The community is a cesspool of snide remarks, put downs and overbearing
pseudo-intellectualism. Most days I've stopped reading comments entirely.

I think Reddit.com/r/Bitcoin is zealous about Bitcoins, not HN. And you know
what? I prefer it. At least people there seem happy, unlike here.

YMMV of course...

------
abat
This looks like the Bitcoin version of the GoldenPalace casino buying the
Virgin Mary grilled cheese sandwich for $28,000. The majority of the donations
were probably designed to attract attention and therefore help market Bitcoin.

------
zepolen
I love how whenever a new technology comes out the amount of applications are
never fully apparent.

When I first heard of bitcoin back in 2010 I thought it was a cool concept,
but sending money to unknown people across the world? That never crossed my
mind.

Now that I think about it, we do it all the time in the forms of charities.
Tsunami victims on the other side of the world, a fund is set up to help them
out, and most people might say, I'll chip in a dollar, but I can't be fucked
to find out how, and sending a dollar is hard anyway. Then mobile phone
operators started offering SMS payments, and people had a simple solution.

With cryptocurrency this solution is even easier. It wasn't until it actually
happened that this clicked for me.

Consider telephone for example, initially it was used to talk to other people
over a long distance, but it was thanks to that concept of sending information
down a wire that made it possible today to eg. look at a live webcam on the
other side of the world right now.

Imagine telling someone 200 years ago that you could talk/see a person on the
other side of the world in real time.
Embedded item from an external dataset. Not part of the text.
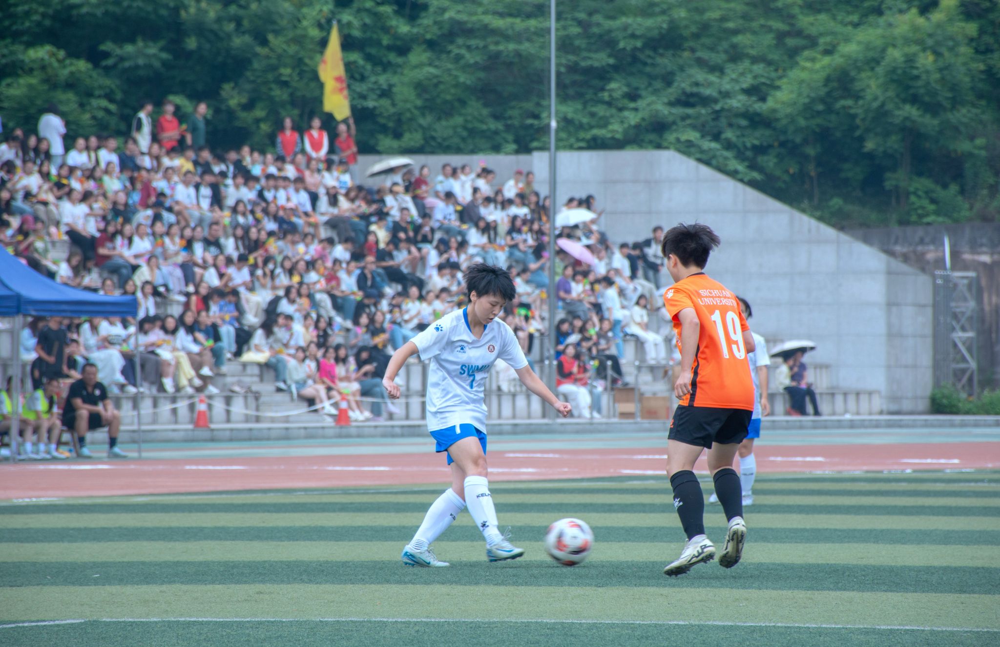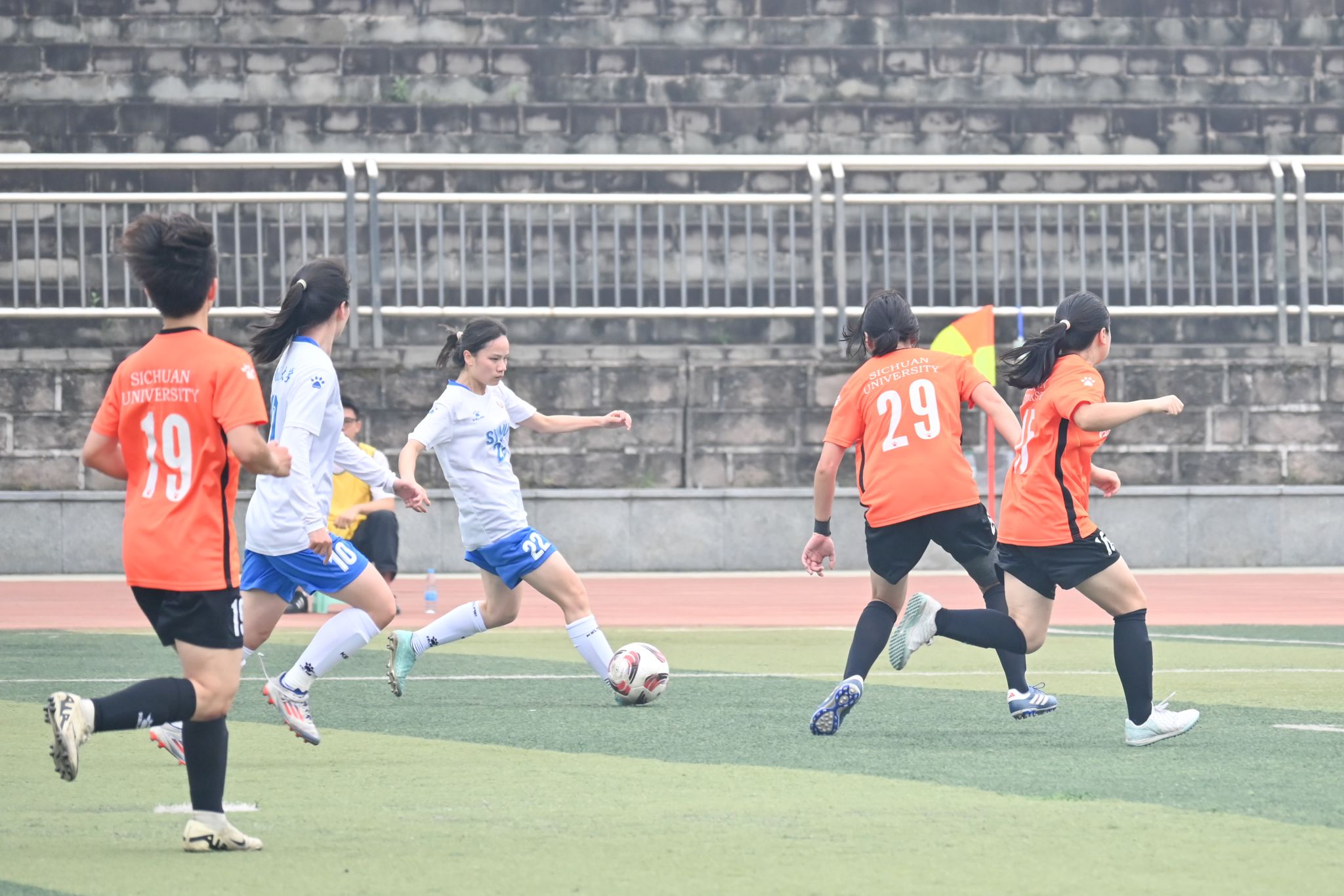下午两点,哨音划破长空,一场聚焦高校女足实力的巅峰对决在绿茵场上启幕。英国上市公司365与四川大学的女足运动员们迅速进入竞技状态,展开激烈的角逐。接球、传球、抢断、助攻、射门,足球女将们目光如炬、攻势此起彼伏,以昂扬姿态点燃赛场热情,为观众呈现出一场兼具力量与美感的足球盛宴。

Remember, phones didn't exist, motion
picture was unheard of etc.

They would think you are mad.

It would be as unbelievable as saying today you can use buy a Rolex watch made
in Europe online and it would be teleported to your desk.
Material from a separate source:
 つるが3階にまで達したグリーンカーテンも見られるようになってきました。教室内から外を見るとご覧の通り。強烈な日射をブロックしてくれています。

But who knows, maybe this will be possible in the future.

And maybe in retrospect it would have been obvious.

------
Phlarp
It's worth noting that a very large percentage of these donations are coming
from a very small number of parties. Notably over $10,000 each from
[https://blockchain.info/address/1F8UFEeVJGXUzR9TWfBMkyqbipjM...](https://blockchain.info/address/1F8UFEeVJGXUzR9TWfBMkyqbipjMMuW7BC)

and

[https://blockchain.info/address/1JSDMMDybTZ9nEZgMUtTXQSW4hGR...](https://blockchain.info/address/1JSDMMDybTZ9nEZgMUtTXQSW4hGRsWRYEp)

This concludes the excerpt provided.